### Dataset content

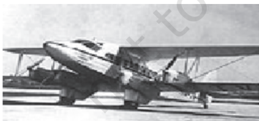
चित्र 1.5 टाटा एयरलाइंस: टाटा संस के विभाग के रूप में इस कंपनी की स्थापना से 1932 में भारत में उड्डयन क्षेत्र की नींव रखी गई

स्वतंत्रता प्राप्ति तक, 200 वर्षों के विदेशी शासन का प्रभाव भारतीय अर्थव्यवस्था के प्रत्येक आयाम पर अपनी पैठ बना चुका था। कृषि क्षेत्रक पहले से ही अत्यधिक श्रम-अधिशेष के भार से लदा था। उसकी उत्पादकता का स्तर भी बहुत कम था। औद्योगिक क्षेत्रक भी आधुनिकीकरण वैविध्य, क्षमता संवर्धन और सार्वजनिक निवेश में वृद्धि की माँग कर रहा
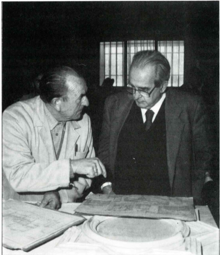
El exministro Fernando Morán atiende las explicaciones de un monitor de la escuela taller.

Terminado el acto el exministro socialista contestó a preguntas de Adarve manifestando que a los distintos organismos de la CEE llegan perfectamente las propuestas de Andalucía de la mano de los parlamentarios andaluces de los distintos partidos y que dichas propuestas son con mucha frecuencia atendidas por lo que Andalucía ha recibido en los últimos años un importante apoyo de la Comunidad. Sobre la falta de protagonismo de la CE en la Conferencia de Madrid, después de afirmar que ha sido maravilloso que esa conferencia
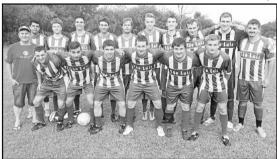
São Luiz é o campeão do futebol de campo

por 2x1. Na final São Jacó derrotou Linha Lenz por 2x0 e ficou com o título da modalidade.
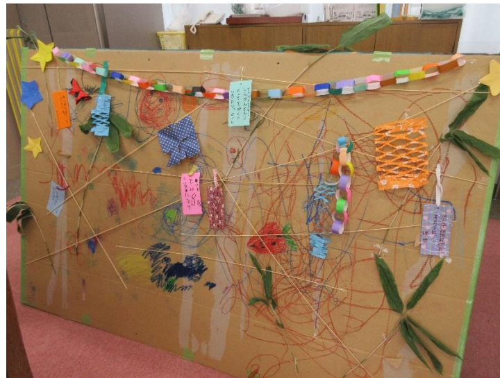
学生達との合作です

今日も11組38名の親子の皆さんと保育コース1年生5名が入ったにぎやかな広場でした。お手伝いは1年生の学生だけでしたが、おかげさまで動きもよくなって、頼もしくなってきました。
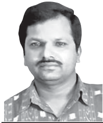
ଡ. ମନୋଜକୂମର ପ୍ରଧାନ
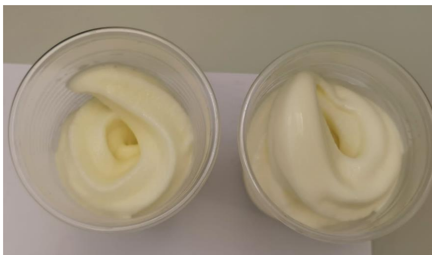
Slika 3.1.5. Sladoled
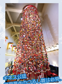
キネス公認 世界最大のつるし雛は必見!

十日町市といえば魚沼産コシヒカリや地酒、絹織物などの名産品に加えて、近年は3年に一度開催されるアートの祭典「大地の芸術祭」の中心開催地としても有名ですね。こちらの道の駅は、十日町の名産品や鮮度抜群の地場野菜が手に入る地域最大のお土産販売スペース、絹織物や工芸品の展示・即売スペース、郷土料理を楽しめるカフェレストランなど十日町の魅力を存分に味わうことができます。冬のレジャーへお出かけの際に立ち寄ってみてはいかがでしょう。
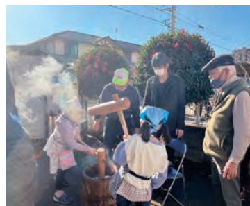
餅つきの様子 (子ども食堂)

配布物は、社会福祉協議会からの支援や企業からの提供、農家さんや施設からも提供されています。活動している方はボランティアで、皆さん笑顔で接していて、相談に乗ったり、登録している人が来ないと連絡を取ったりと、物品の受け渡しだけではない心配りと関係性を感じました。
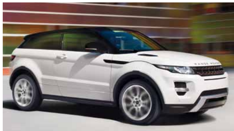
Range Rover Evoque Coupé Dynamic in Fuji White met contrastdak in Santorini Black.
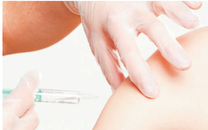
Seit Anfang August sind die Impfbusse in Rheinland-Pfalz im Einsatz

Wir haben zusätzlich zum Angebot der niedergelassenen Ärztinnen und Ärzte die Impfkampagne weiter verstärkt. Ab der kommenden Woche ergänzen acht reaktivierte Standby-Impfzentren und 21 Impfstellen an Krankenhausstandorten das Impfangebot in Rheinland-Pfalz. Die Impfbusse sind weiterhin flächendeckend, wohnortnah und niedrigschwellig im Einsatz. Die Anzahl der Busse wurde bereits auf acht erhöht, weitere kommen dazu“, so Landesimpfkoordinator
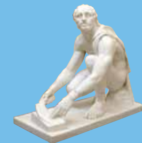
Anonyme L'esclave scythe aiguisant un couteau , copie XIX e siècle d'antique
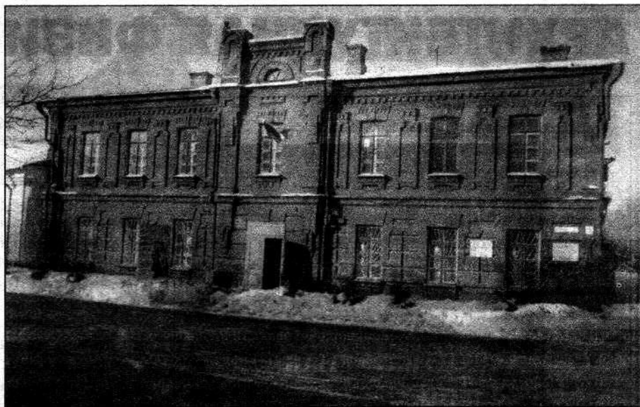
Второе здание штаба на ул. Таубе
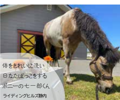
体をきれいに洗い 日なたぼっこをする ポニーのセー太郎くん ライディングヒルズ静内

● 町民子ども馬のお世話体験教室 とき 7月16日(土) 13時30分～14時30分 対象者／町内にお住まいの原則6歳以上中学3年生以下の方 定員／4人(先着順) 参加料／無料
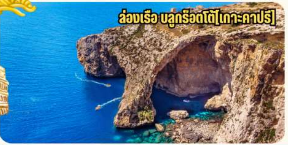
ล่องเรือ บลูกริโอตโต [เกาะคาปรี]
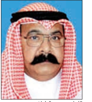
اللواء محمود الطباخ

تسبب باص مسروق في وقوف رجال مباحث الفروانية مكتوفي الايدي أمام ابعاد وافد هندي دخل البلاد بشكل غير قانوني، وبعد التواصل بين رجال مباحث الفروانية ومدير عام الادارة العامة للمباحث الجنائية اللواء محمود الطباخ فقد تقرر احالة الوافد الى النيابة بتهم تتعلق بالدخول الى البلاد بشكل غير قانوني الى جانب ارتكابه عدة سرقات ومن بين السرقات باص من الحجم الكبير.
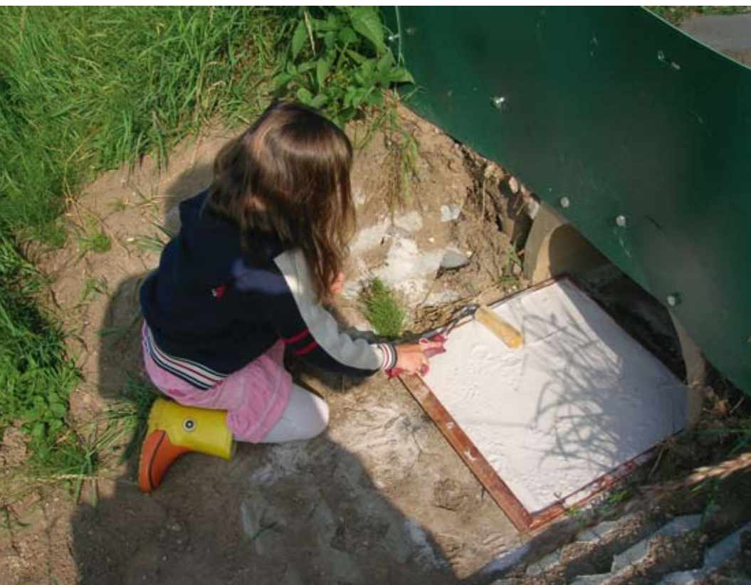
Zandbedmethode waarbij na iedere spoorcontrole het zilverzand wordt glad gestreken

van de faunavoorzieningen varieerde van nul tot tien per jaar. In 2006 en 2007 zijn respectievelijk vier en twee doodgereden ringslangen geteld.
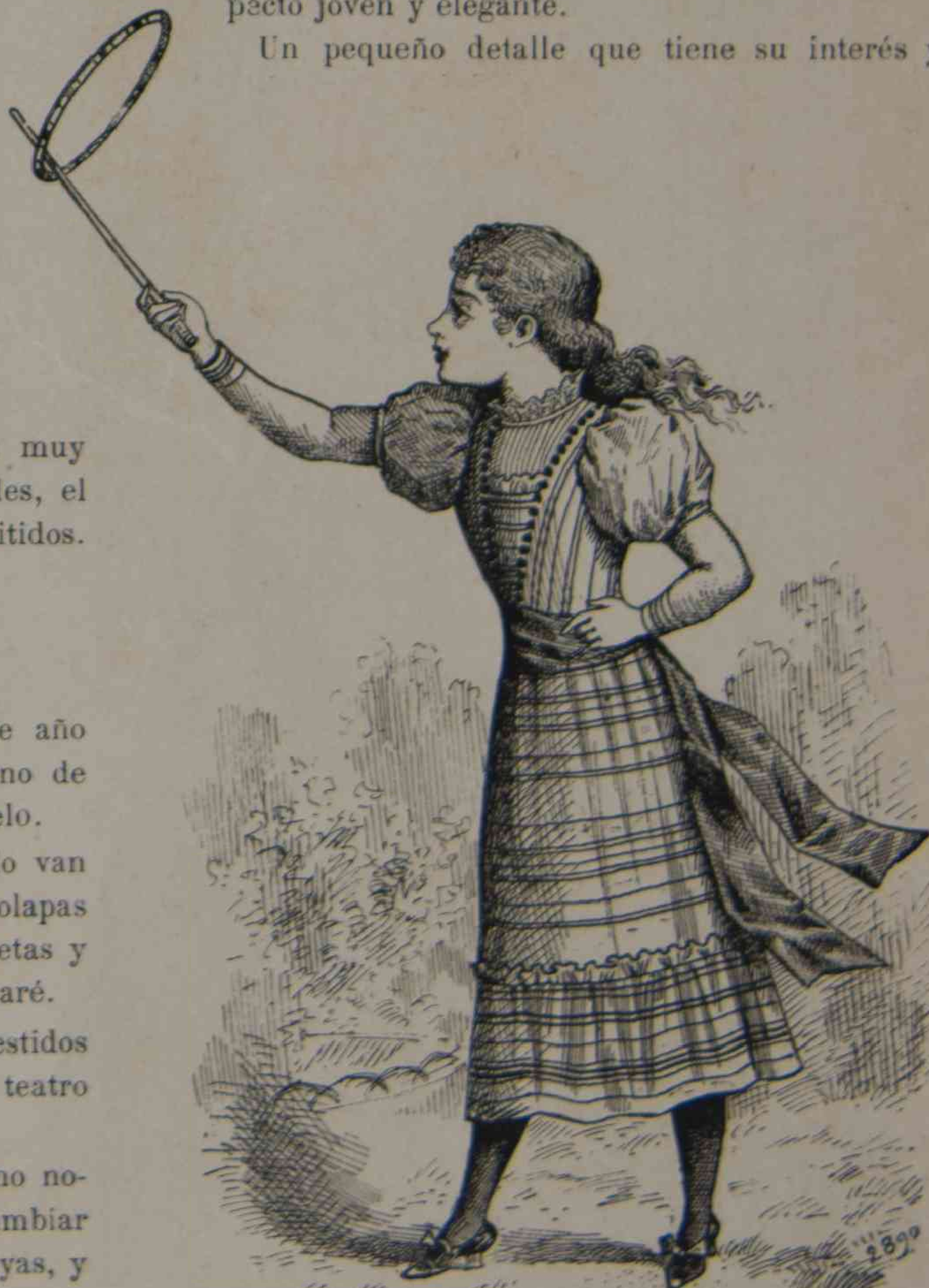
11. — Niña de 12 años.
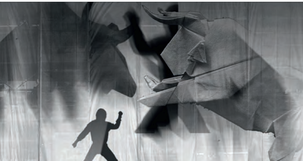
Maquette du Monstre du Labyrinthe .

En Crète, Minos et son peuple accueillent les adolescents qu'ils précipitent dans le labyrinthe. Alors qu'ils tentent de s'orienter, Thésée et les jeunes Athéniens rencontrent Dédale, concepteur du labyrinthe que Minos a enfermé ici, et qui parvient toujours à échapper au Minotaure grâce à sa connaissance de cette prison qu'il a lui-même inventée. D'abord incrédule, Dédale finit par accepter de conduire Thésée au cœur du labyrinthe pour qu'il affronte le Minotaure. On entend le monstre s'approcher, et après un rude combat, Thésée finit par triompher. Dédale guide les vainqueurs hors du labyrinthe. À Athènes, les habitants de la cité aperçoivent une voile au loin et ne tardent pas à reconnaître le bateau de Thésée et de leurs enfants. Tous reviennent sains et saufs. Les voix de Thésée, de sa mère, de Dédale et de tous les Athéniens, petits et grands, s'unissent pour louer la bravoure de Thésée et le retour de la lumière.
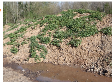
Écoulement de jus sur un tas non géré (photo d'archive)

N'épandez pas les déchets sur les parcelles cultivées et jachères après le mois de février car la destruction des tubercules par le gel est plus difficile.
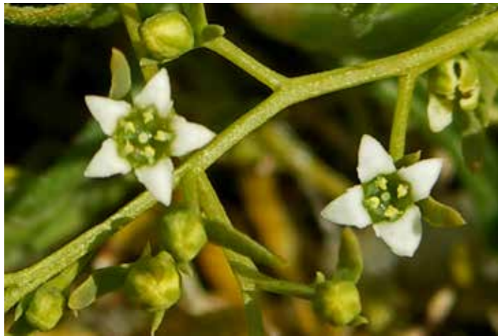
Liggend bergvlas.

### Exercise prompt
Take the material above from its first line through the line that has "キネス公認 世界最大のつるし雛は必見!" and copy it exactly, without any pictures.

### Answer section
चित्र 1.5 टाटा एयरलाइंस: टाटा संस के विभाग के रूप में इस कंपनी की स्थापना से 1932 में भारत में उड्डयन क्षेत्र की नींव रखी गई

स्वतंत्रता प्राप्ति तक, 200 वर्षों के विदेशी शासन का प्रभाव भारतीय अर्थव्यवस्था के प्रत्येक आयाम पर अपनी पैठ बना चुका था। कृषि क्षेत्रक पहले से ही अत्यधिक श्रम-अधिशेष के भार से लदा था। उसकी उत्पादकता का स्तर भी बहुत कम था। औद्योगिक क्षेत्रक भी आधुनिकीकरण वैविध्य, क्षमता संवर्धन और सार्वजनिक निवेश में वृद्धि की माँग कर रहा
El exministro Fernando Morán atiende las explicaciones de un monitor de la escuela taller.

Terminado el acto el exministro socialista contestó a preguntas de Adarve manifestando que a los distintos organismos de la CEE llegan perfectamente las propuestas de Andalucía de la mano de los parlamentarios andaluces de los distintos partidos y que dichas propuestas son con mucha frecuencia atendidas por lo que Andalucía ha recibido en los últimos años un importante apoyo de la Comunidad. Sobre la falta de protagonismo de la CE en la Conferencia de Madrid, después de afirmar que ha sido maravilloso que esa conferencia
São Luiz é o campeão do futebol de campo

por 2x1. Na final São Jacó derrotou Linha Lenz por 2x0 e ficou com o título da modalidade.
学生達との合作です

今日も11組38名の親子の皆さんと保育コース1年生5名が入ったにぎやかな広場でした。お手伝いは1年生の学生だけでしたが、おかげさまで動きもよくなって、頼もしくなってきました。
ଡ. ମନୋଜକୂମର ପ୍ରଧାନ
Slika 3.1.5. Sladoled
キネス公認 世界最大のつるし雛は必見!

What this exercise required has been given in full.